An October alert from the Cybersecurity & Infrastructure Security Agency (CISA), the Federal Bureau of Investigation (FBI), and the Department of Health and Human Services (HHS), said that the agencies have credible information about an increased and imminent cybercrime threat to U.S. hospitals and healthcare providers. They believe that the goal is to spread the Ryuk ransomware for financial gain.
The same malware is believed to have been used against Universal Health Services in September.

According to a report from Wired, hospital personnel say that they have moved to an all-paper system due to the attack which has left patients being rerouted to other emergency departments and waiting for appointments and test results.
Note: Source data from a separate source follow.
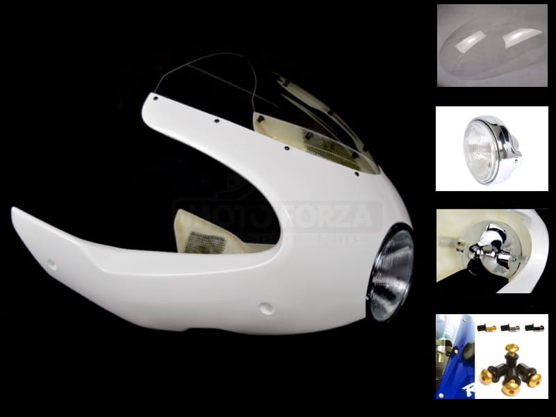 Owiewki do indywidualnej aranżacji na motocyklu, wykonanie uchwytów we własnym zakresie. Bazą jest żywica GFK oraz maty najwyższej jakości. Zewnętrzna warstwa żelkotu jest odporna na promieniowanie UV i może być dowolnie obrabiana do lakierowania. W miejscach narażonych na naprężenia dodatkowo wzmocnione warstwą kewlaru.
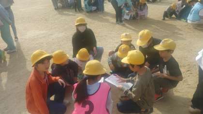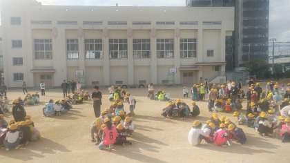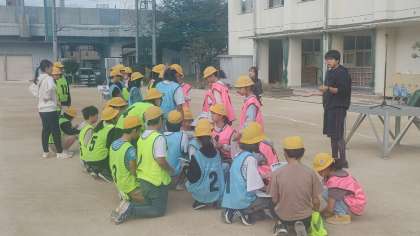 運動場で先週実施した、ふれあい遠足の表彰式がありました。
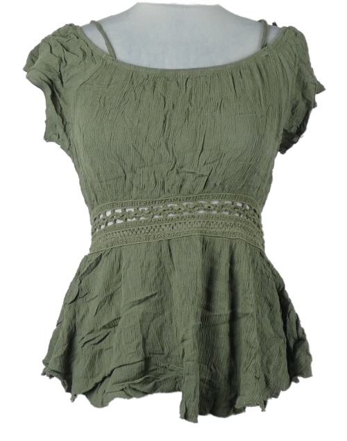 Dámska khaki strukturovaná blúzka s čipkou Colloseum
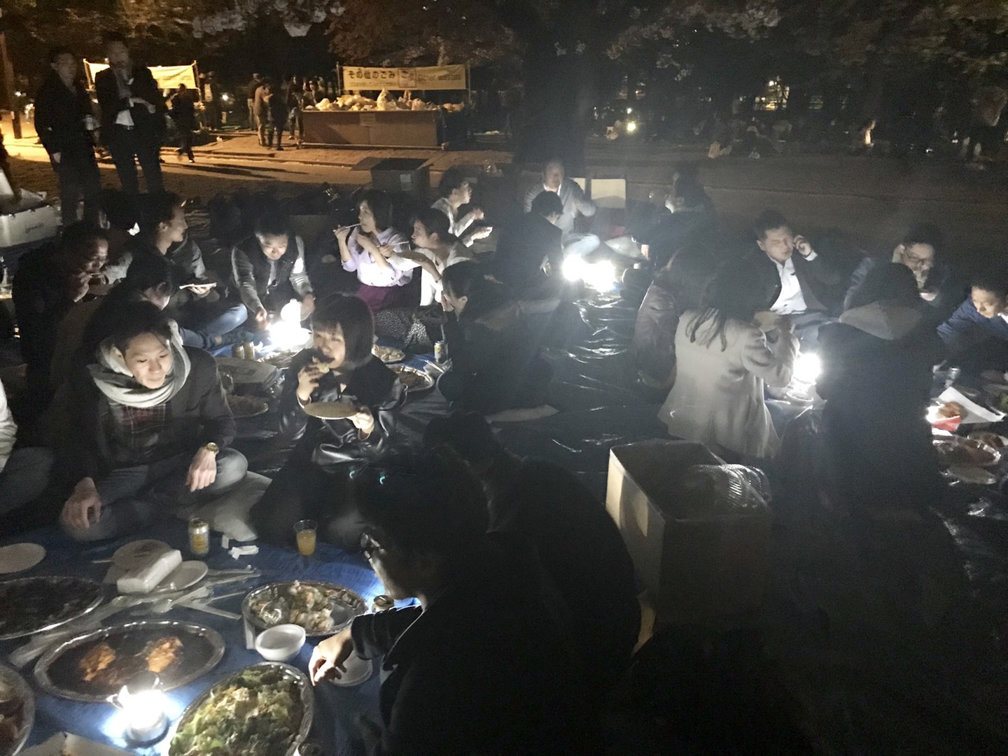 10名ずつくらいで1つの輪になって集まり、夜桜を見ながら飲んで♪食べて♪談笑♪ 普段あまり話す機会の無い他部署の社員さんとも、こういう時間でコミュニケーションが取れます!
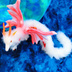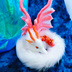 【妖精翼龍】 雲の上に住む龍。大きな翼で、どんな向かい風に阻まれようとも主を守り、決して負けることはない守護神龍。 光を浴びるほどに暗闇で、瞳が眩く光り、見る者に癒しを与えるという☆ 撫でるほどに良くなつき、主に仕える☆ 【蓄光ガラスの瞳】 ★見る程に…吸い込まれそうな赤の瞳で魅了し、暗闇で不思議な光りを放ちます☆ ★職人が1つ1つ作り上げた琉球蓄光ガラス使用しています☆ 色の付いたガラスを溶かし鉄心に丸め、水飴のように溶けた状態のガラスに、銀箔(ぎんぱく)を重ね、特殊な技法で作られた琉球蓄光ガラスを使用しています☆ デザイン生地(朱色) アクリル毛(ホワイト) 軽量粘土 樹脂粘土 アルミワイヤー 高級蓄光琉球ガラス 縦 約75センチ 横 約6センチ 翼 約25センチ 【作品について】 お洗濯は出来ません☆ アルミ針金を全身に使用している為、体を動かすことが出来ます☆(無理に動かすと破損の原因となりますので、お優しいお取り使いをお願い致します☆) ※あくまで観賞用ハンドメイド作品ですので、抜毛、細かな傷、ほつれなどある場合がございます。完璧な物をお求めの方は、購入をお控え下さい☆ ※まんまるんアートドール牧場、Art Doll Forestの作品は、ヤフオク、メルカリ、BOOTH、minneのみ販売しております☆アマゾンなど、その他サイトでの販売は一切しておりませんのでご注意下さい★ お手入れは、優しくクシなどでとき指で優しく撫でてセットしてください☆ ※素人が手縫いで作り上げた作品の為、至らぬ箇所があるかもしれません☆ご承知の上でのご購入をお願い致します☆ #まんまるんアートドール牧場 #ケモノ #蓄光 #アートドール #ハンドメイドぬいぐるみ #Dragon #龍 #ArtDoll #ドラゴン #幻獣 #人形 #JAPAN ※まんまるんアートドール牧場、Art Doll Forestが製作する全ての作品は、作者に知的財産及び著作権があるものとします。
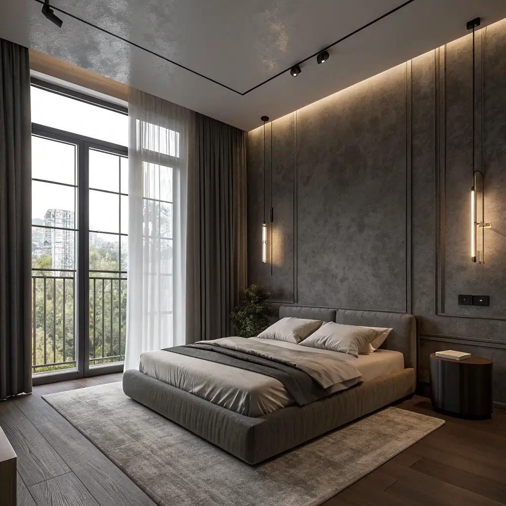 6. Smoky Gray Minimalist Bedroom
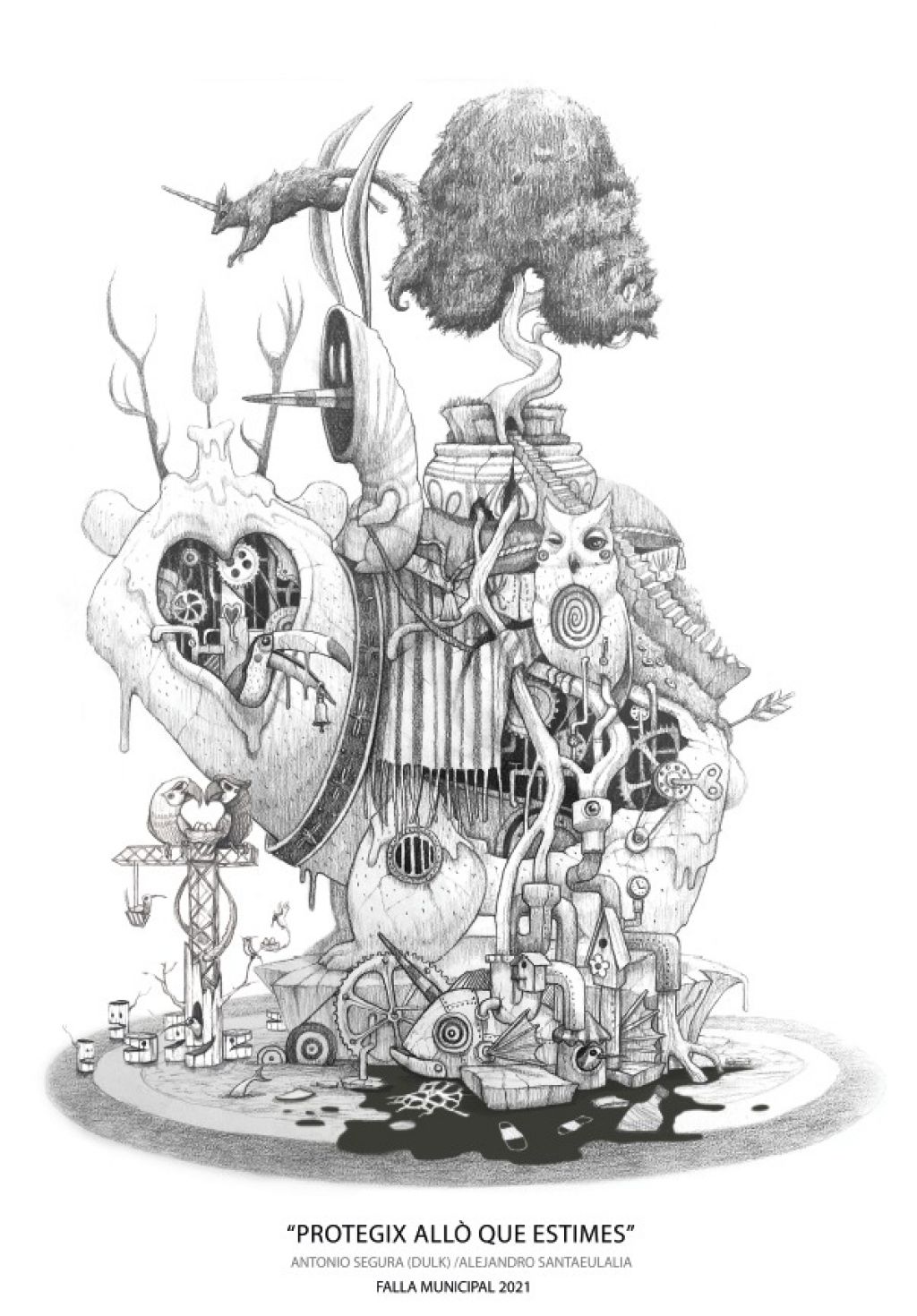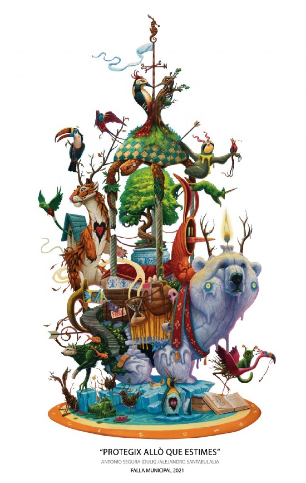 En un acto presidido por el concejal de Cultura Festiva del Ayuntamiento de València, Carlos Galiana, con la presencia de las falleras mayores de València, Consuelo Llobell y Carla García, y sus cortes de honor, el artista fallero Alejandro Santaeulalia y Antonio Segura, Dulk, uno de los artistas urbanos con más proyección en todo el mundo ahora mismo, que fueron seleccionados por un jurado integrado por representantes del mundo fallero, artístico y social de nuestra ciudad, han presentado su proyecto para la falla grande municipal del año que viene. Bajo el lema 'Protegix allò que estimes', los dos han destacado que el proyecto pone de relieve que "somos la única especie que destruimos nuestra casa" y esta falla "aúna el interés por la naturaleza y la preocupación por la conservación de las especies, construyendo un mundo con mucha realidad pero también con mucha magia". "La salud del planeta está en un momento muy delicado y somos nosotros los que nos tenemos que dar cuenta de que tenemos que hacer algo y con esta obra ponemos a València en el centro del mensaje con una falla que hace un recorrido por varios ecosistemas del planeta con muchas especies animales", han resaltado los artistas.
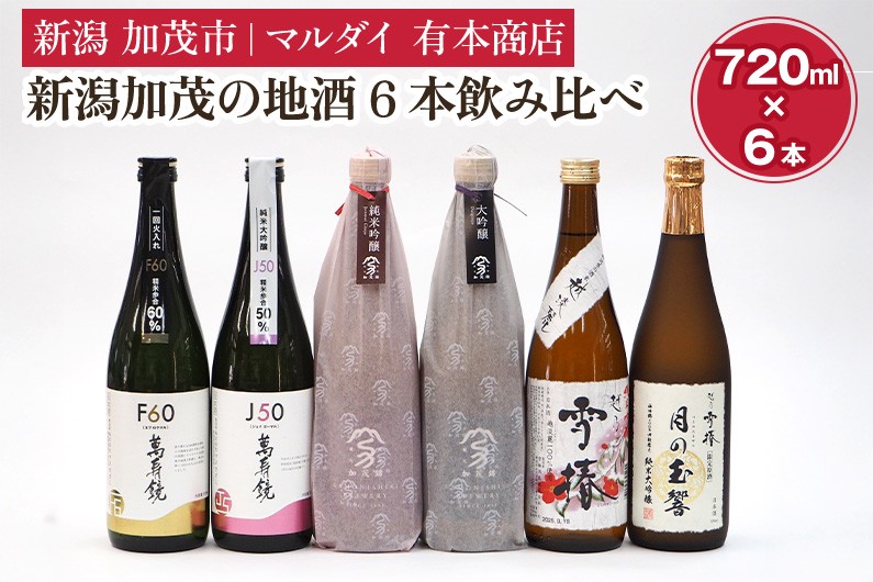 加茂市の3蔵元「マスカガミ」「加茂錦酒造」「雪椿酒造」のお酒の詰め合わせ。 新潟加茂の地酒6本飲み比べ(マスカガミ・加茂錦・雪椿)720ml×6本 日本酒 お酒 セット 新潟地酒 加茂市 マルダイ有本商店
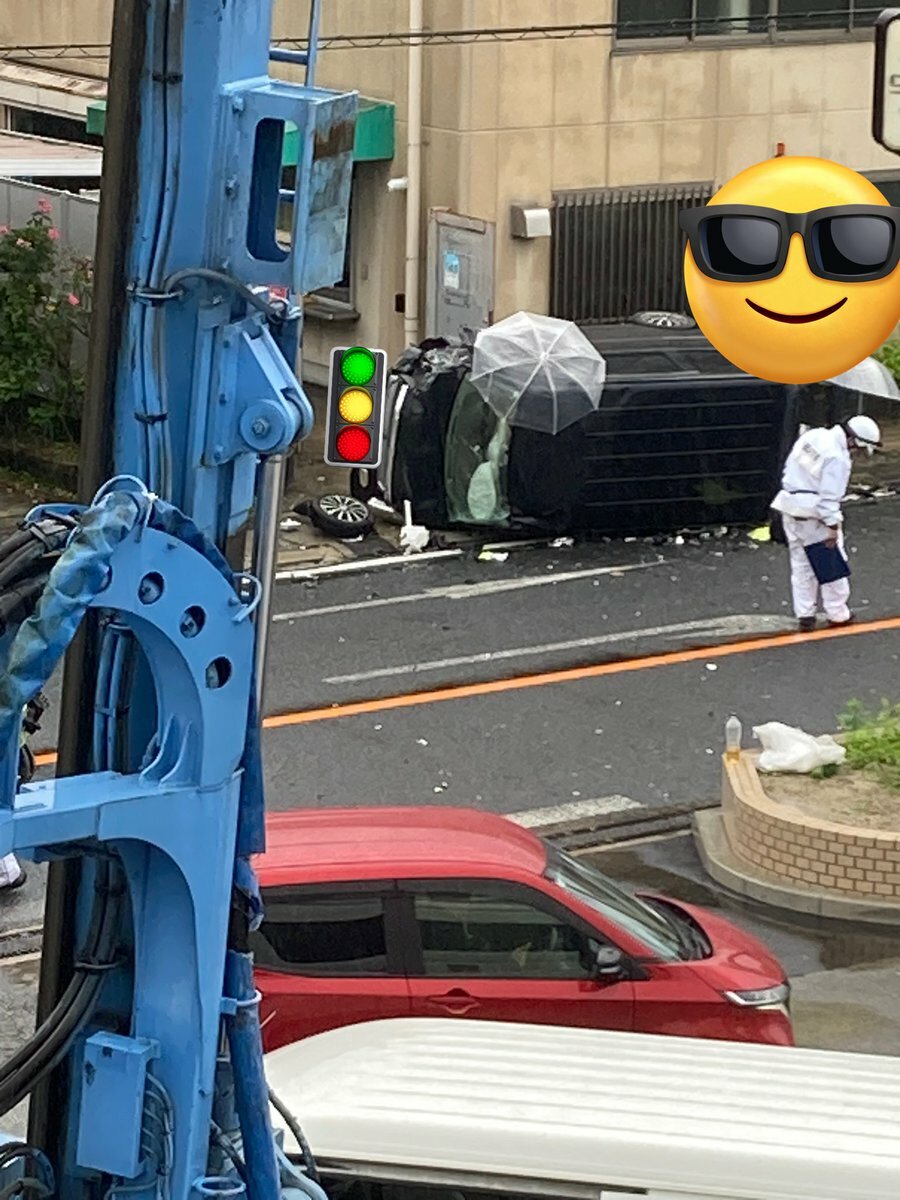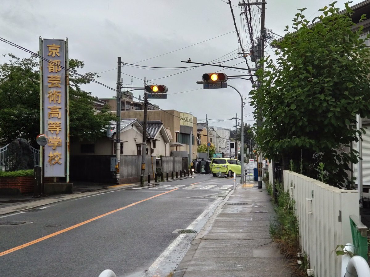 【現場の様子】#交通情報 府道7号線 京都府宇治市五ケ庄 #奈良線 黄檗駅付近 車両大破衝突横転事故で一時規制6月28日 #京都 #宇治
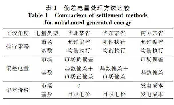 目前國內(nèi)開展電力中長期交易的省份,都會保證市場電量剛性執(zhí)行,而基數(shù)電量具備一定的彈性, 因此一般將基數(shù)電量作為市場電量的緩沖,市場電量按合約結(jié)算,基數(shù)電量保證各電廠機組執(zhí)行進度均衡[14]。但是,市場開放程度的不同及市場電量占比的不同,導致不同省份對于偏差電量的處理方法也不同[2]。中國華北、華東和南方區(qū)域內(nèi)的某省份均已建立了電力中長期市場體制,3個省份市場電量規(guī)模依次擴大,對于市場偏差電量的處理方法各不相同。3個省份對于偏差電量的處理特點如表1所示,具體處理方法見附錄 A。
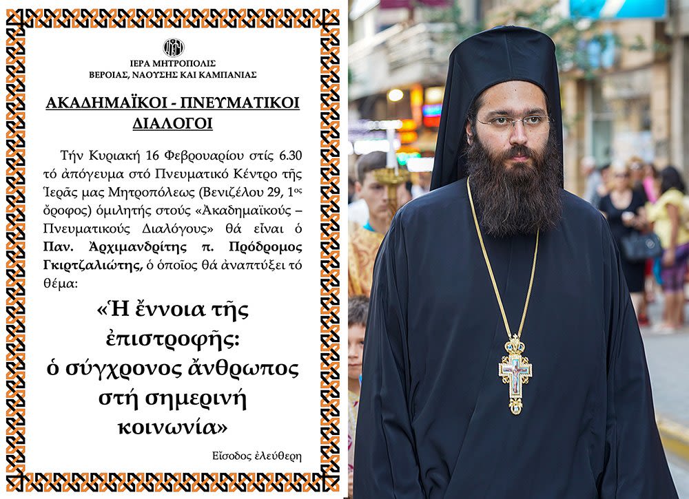 Τήν Κυριακή 16 Φεβρουαρίου στίς 6.30 τό ἀπόγευμα στό Πνευματικό Κέντρο τῆς Ἱερᾶς μας Μητροπόλεως (Βενιζέλου 29, 1ος ὄροφος) ὁμιλητής στούς «Ἀκαδημαϊκούς – Πνευματικούς Διαλόγους» θά εἶναι ὁ Παν. Ἀρχιμανδρίτης π. Πρόδρομος Γκιρτζαλιώτης, ὁ ὁποῖος θά ἀναπτύξει τό θέμα: «Ἡ ἔννοια τῆς ἐπιστροφῆς: ὁ σύγχρονος ἄνθρωπος στή σημερινή κοινωνία».
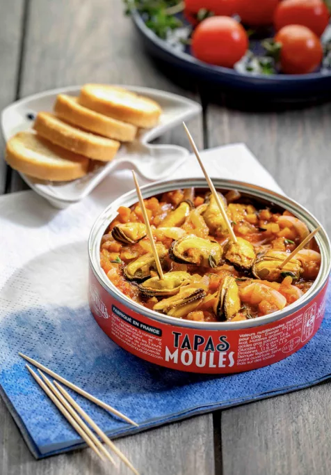 Une recette de caractère avec 55 % de moules à l’escabèche subtilement agrémentées de paprika fumé.
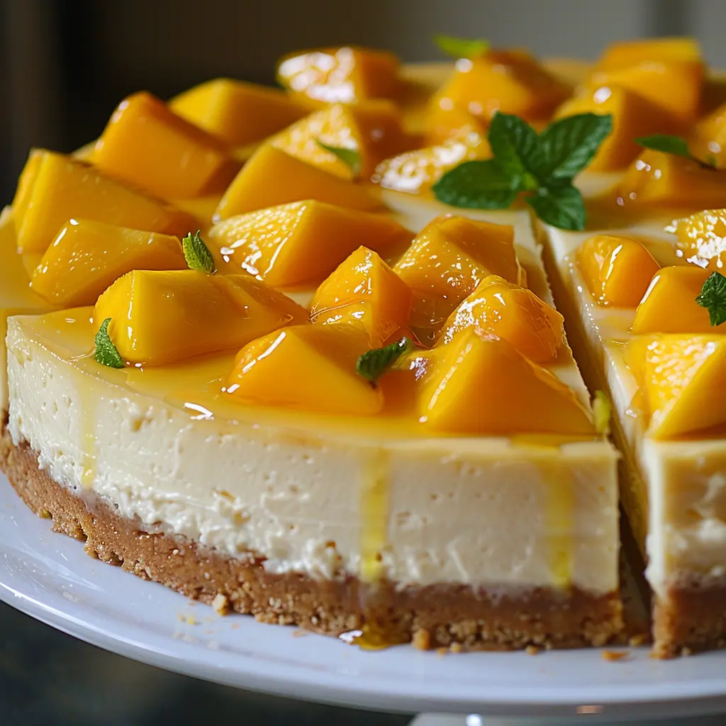 Esta deliciosa tarta de queso combina los sabores tropicales del mango y la frescura ácida del limón en un postre decadente que seguro impresionará a tu paladar.
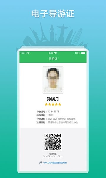 3、通过二维码扫描获取导游相关信息或联系电话(如导游姓名、电话号码)、电子邮箱等附件;
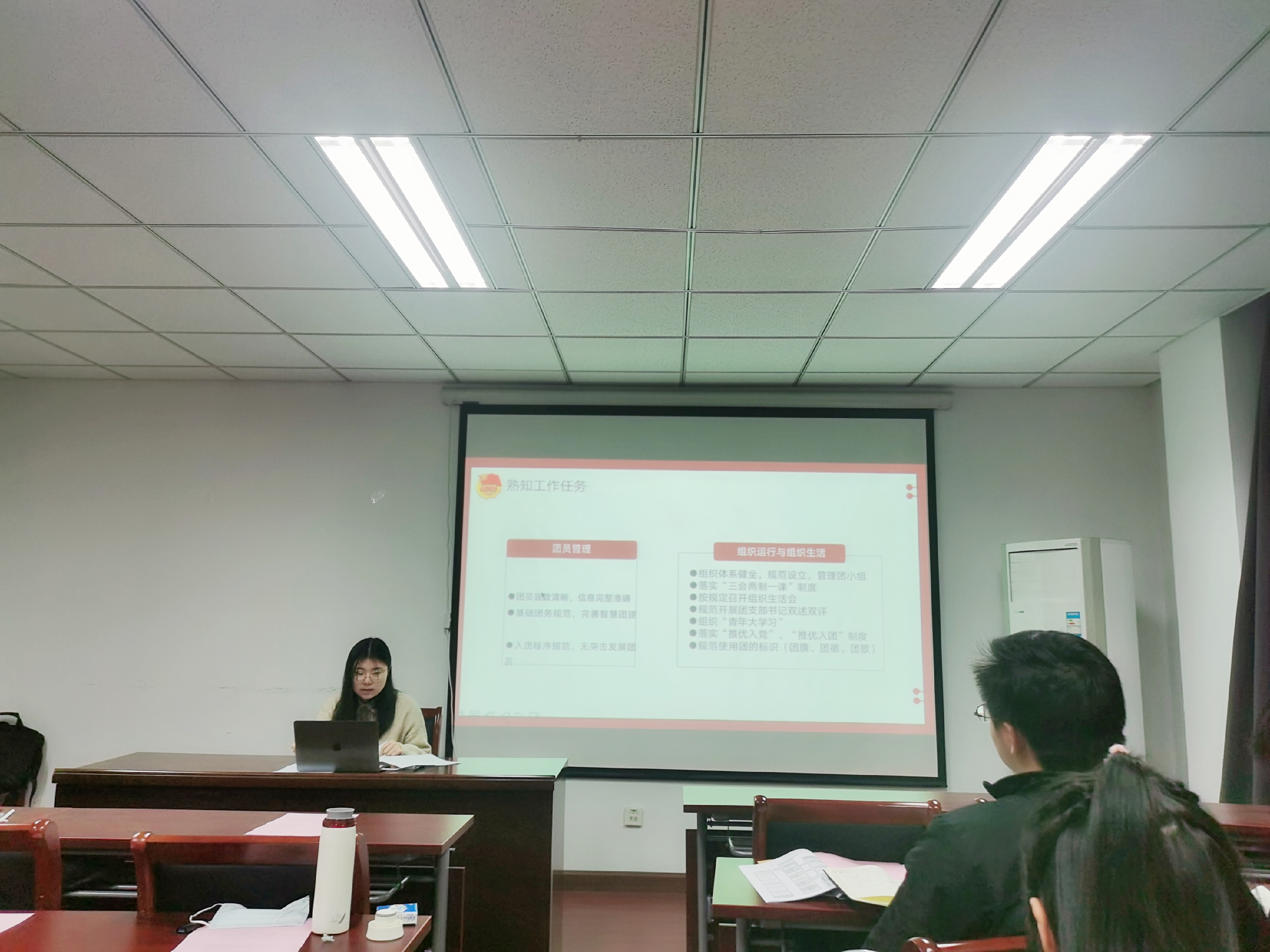 院学生团委副书记谢宇嘉宁以“凝心聚力,砥砺奋斗,在团组织建设中敢担当善作为”为题,对新学期主要团组织工作进行布置,她首先总结了近期团组织工作的开展情况,然后对“青引领”、“青组织”、“青培养”、“青服务”四项主题团日活动的开展进行了指导说明,同时号召大家极依托“学习强国”、“纽扣课堂”、“青年大学习”等学习载体,开展集学理性与趣味性相统一的团日活动,做敢担当善作为的团组织干部。

The attack was undertaken overnight in an effort to encrypt and lock down as many systems as possible. Screens at facilities in California, Florida, Texas, Arizona, and Washington D.C. were changed to display a ransom message, according to Bleeping Computer, which first reported the attack.

The Check Point Report speculates that these ransomware attacks are bringing the hackers cash windfalls which is making them hungrier for more and the world’s healthcare system’s preoccupation with the COVID-19 pandemic has made the industry a prime target.

The report gives some tips to prevent ransomware and phishing attacks. They include:

  • Look for trojan infections – Most ransomware attacks start with an initial infection with a trojan which can occur days or weeks before the ransomware attack.
  • Raise your guard on weekends and holidays – Most ransomware attacks occur when IT and security staff are out of the office.
  • Educate employees about malicious emails – Training them to identify and avoid possible ransomware attacks is critical as many attacks start with a targeted phishing email which doesn’t contain the malware.